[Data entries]

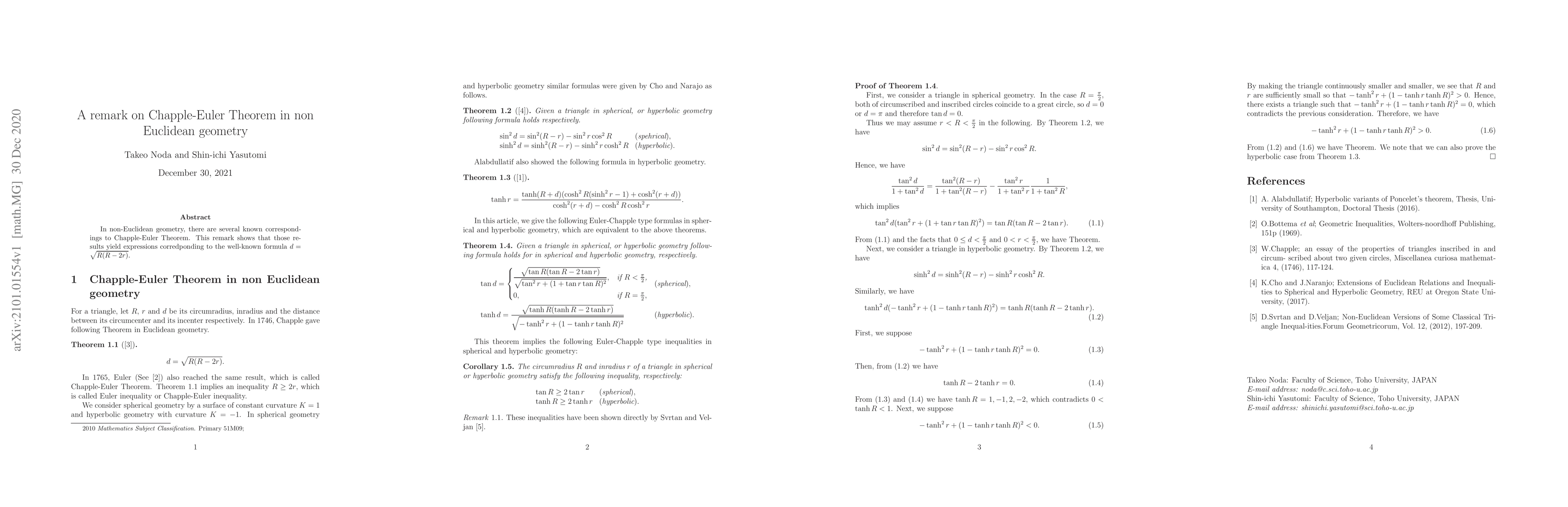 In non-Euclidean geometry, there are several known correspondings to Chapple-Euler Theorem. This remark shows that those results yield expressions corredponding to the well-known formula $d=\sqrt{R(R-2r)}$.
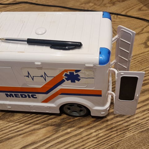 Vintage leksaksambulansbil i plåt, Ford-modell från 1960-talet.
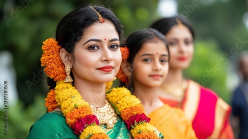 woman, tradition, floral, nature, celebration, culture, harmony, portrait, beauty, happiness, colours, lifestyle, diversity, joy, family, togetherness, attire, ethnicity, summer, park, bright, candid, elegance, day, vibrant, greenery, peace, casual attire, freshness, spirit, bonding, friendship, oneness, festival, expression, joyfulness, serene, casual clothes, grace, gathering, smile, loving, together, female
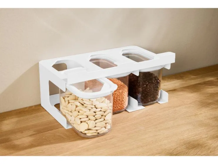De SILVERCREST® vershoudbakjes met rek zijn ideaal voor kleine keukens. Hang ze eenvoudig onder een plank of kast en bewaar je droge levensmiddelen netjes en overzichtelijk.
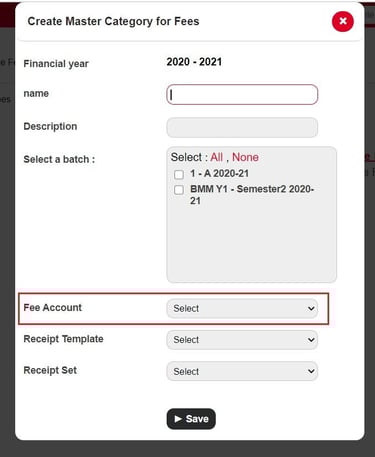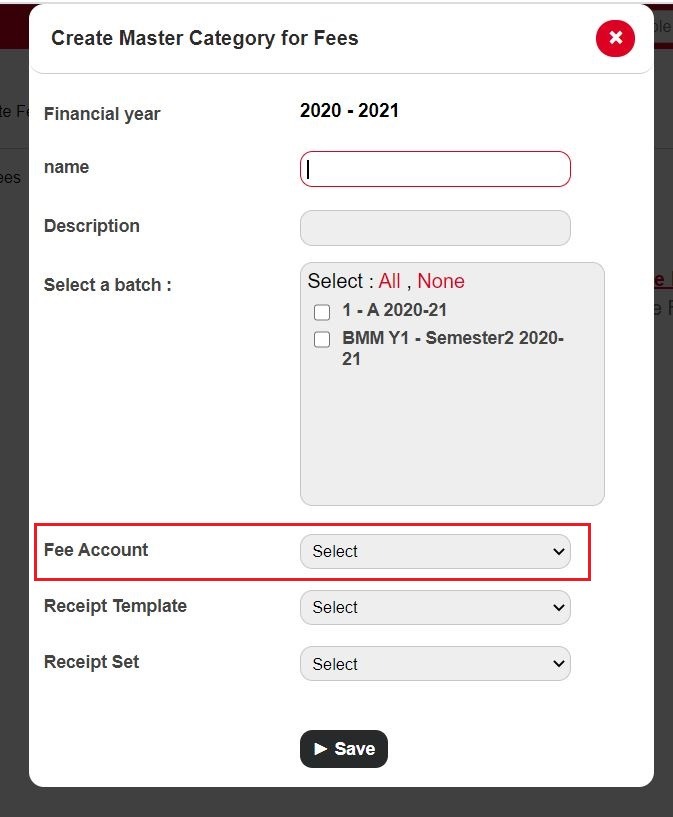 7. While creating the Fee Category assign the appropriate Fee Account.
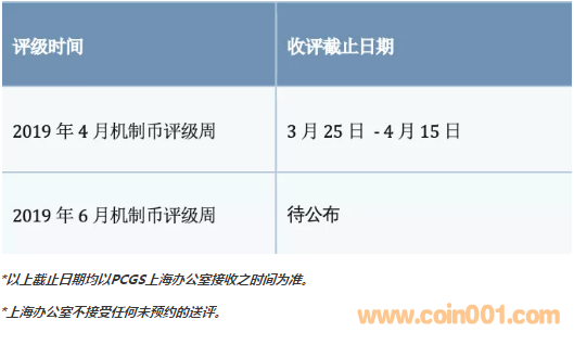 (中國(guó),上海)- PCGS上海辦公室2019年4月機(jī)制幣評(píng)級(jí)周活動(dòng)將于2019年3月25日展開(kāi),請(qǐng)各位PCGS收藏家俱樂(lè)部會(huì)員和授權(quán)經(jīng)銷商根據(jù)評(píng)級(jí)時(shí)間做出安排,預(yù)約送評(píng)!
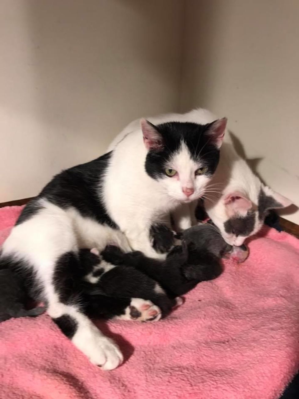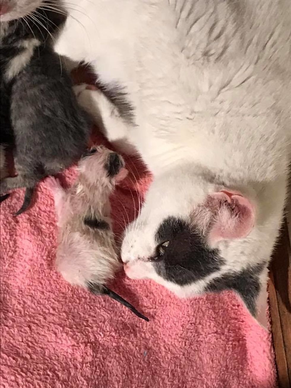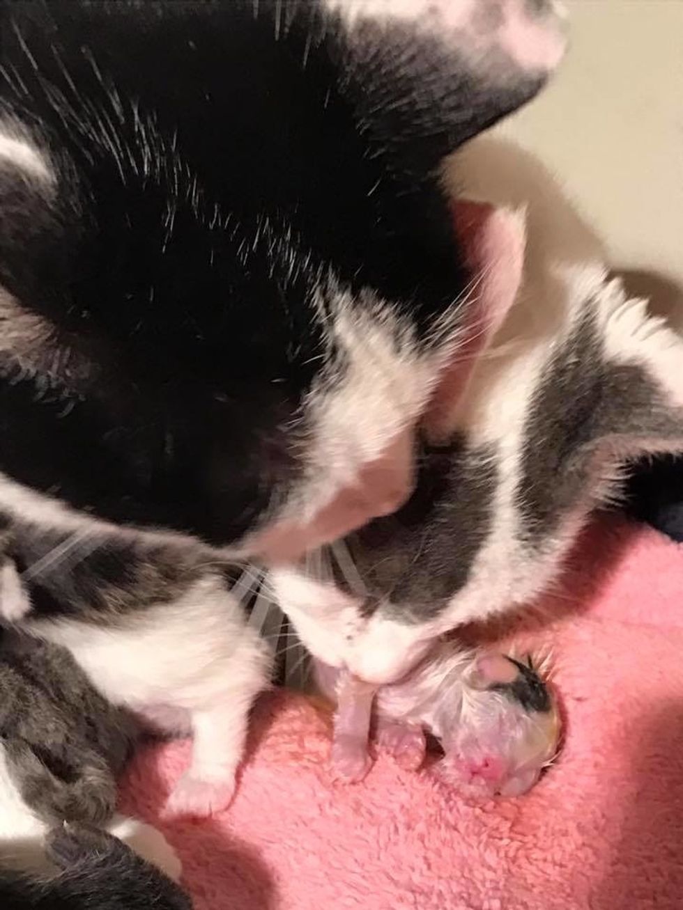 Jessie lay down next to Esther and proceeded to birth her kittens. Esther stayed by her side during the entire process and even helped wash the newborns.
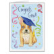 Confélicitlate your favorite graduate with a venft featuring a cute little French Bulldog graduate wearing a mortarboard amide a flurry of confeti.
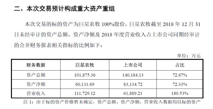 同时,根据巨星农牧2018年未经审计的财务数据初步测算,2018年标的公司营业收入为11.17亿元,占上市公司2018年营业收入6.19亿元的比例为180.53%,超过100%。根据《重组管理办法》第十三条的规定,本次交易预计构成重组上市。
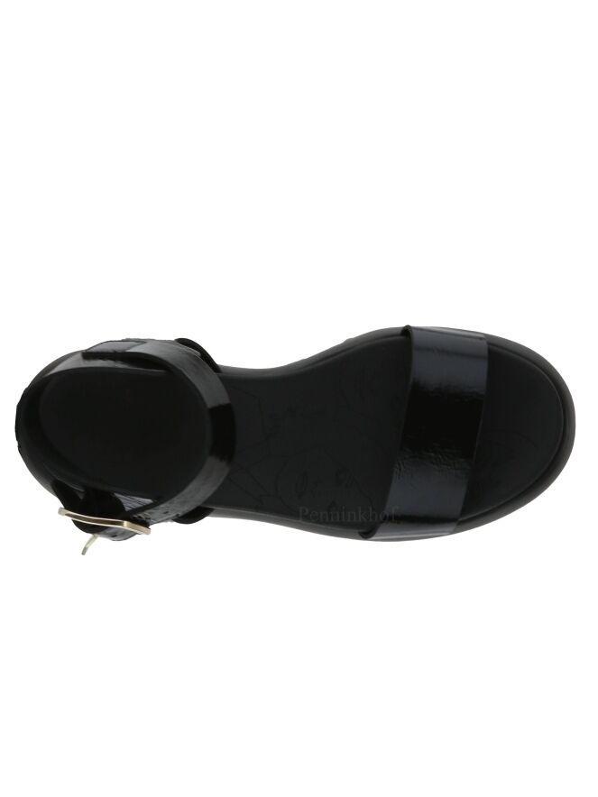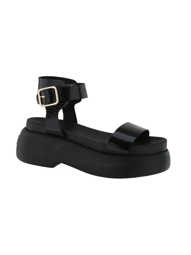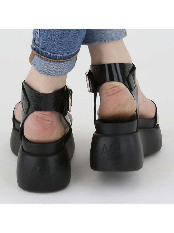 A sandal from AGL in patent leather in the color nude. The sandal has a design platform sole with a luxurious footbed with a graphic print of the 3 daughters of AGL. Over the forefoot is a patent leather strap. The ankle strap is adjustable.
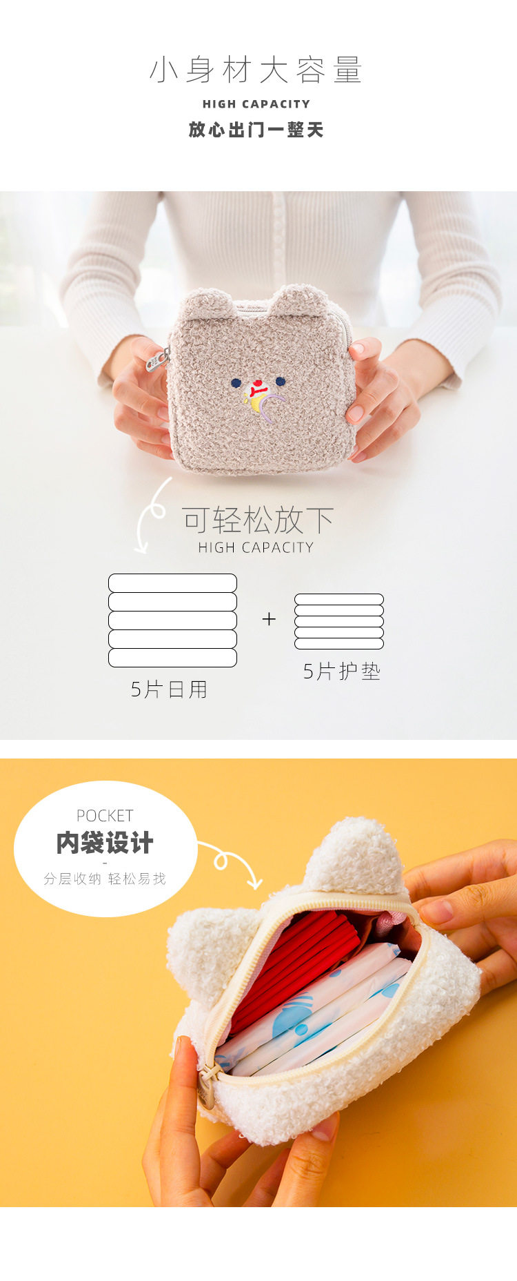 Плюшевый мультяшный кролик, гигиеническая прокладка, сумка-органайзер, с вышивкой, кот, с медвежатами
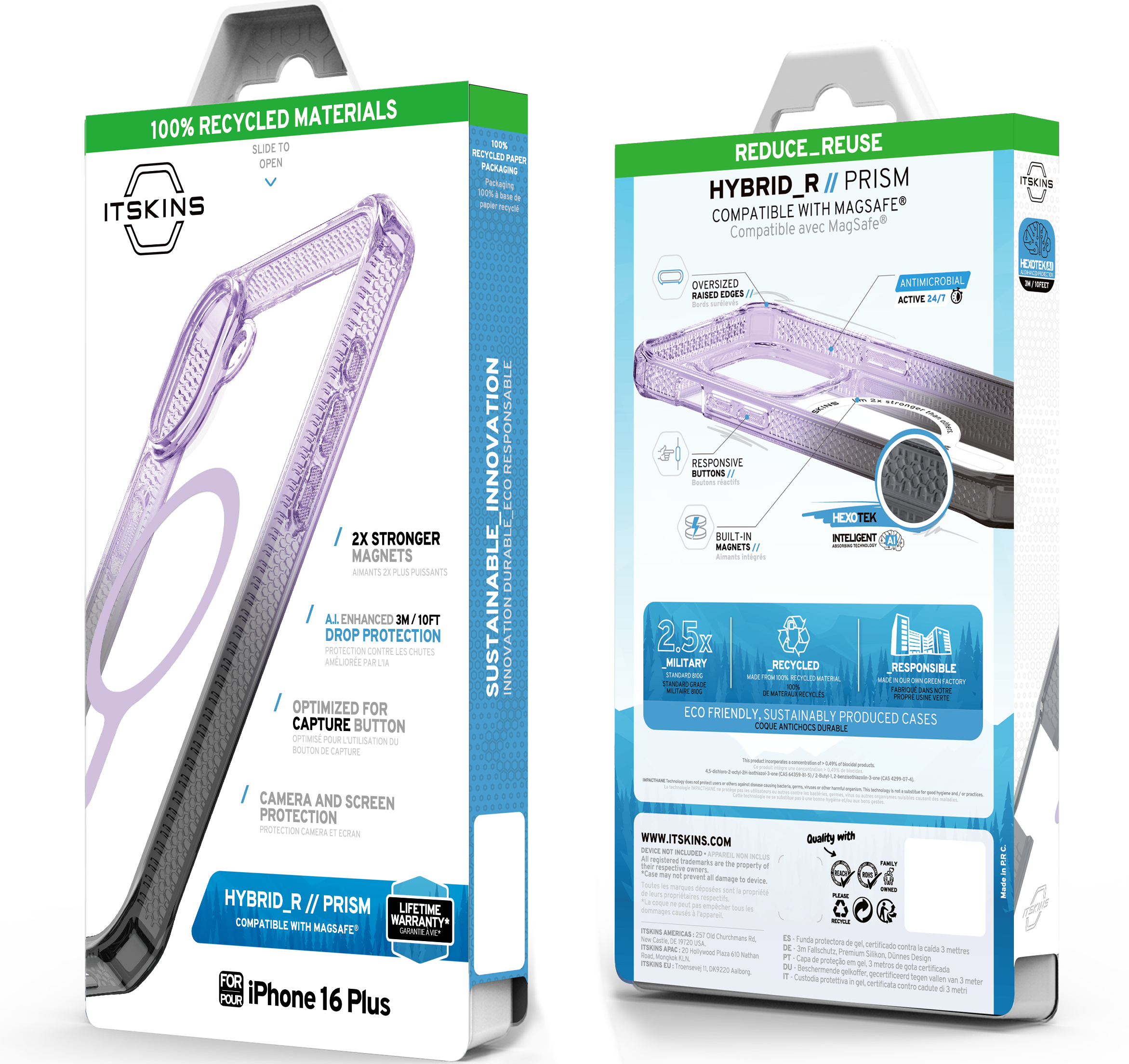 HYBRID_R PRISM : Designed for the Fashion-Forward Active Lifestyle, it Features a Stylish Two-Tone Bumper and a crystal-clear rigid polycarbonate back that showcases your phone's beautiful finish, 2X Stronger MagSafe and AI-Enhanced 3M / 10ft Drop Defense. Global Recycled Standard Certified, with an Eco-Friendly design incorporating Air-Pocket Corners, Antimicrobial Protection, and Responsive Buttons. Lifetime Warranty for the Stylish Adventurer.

## Assignment
Pictures are to be left out; the lines from the start of the records above through the line holding "Vintage leksaksambulansbil i" are to be returned exactly.

## Output
 In non-Euclidean geometry, there are several known correspondings to Chapple-Euler Theorem. This remark shows that those results yield expressions corredponding to the well-known formula $d=\sqrt{R(R-2r)}$.
 Vintage leksaksambulansbil i plåt, Ford-modell från 1960-talet.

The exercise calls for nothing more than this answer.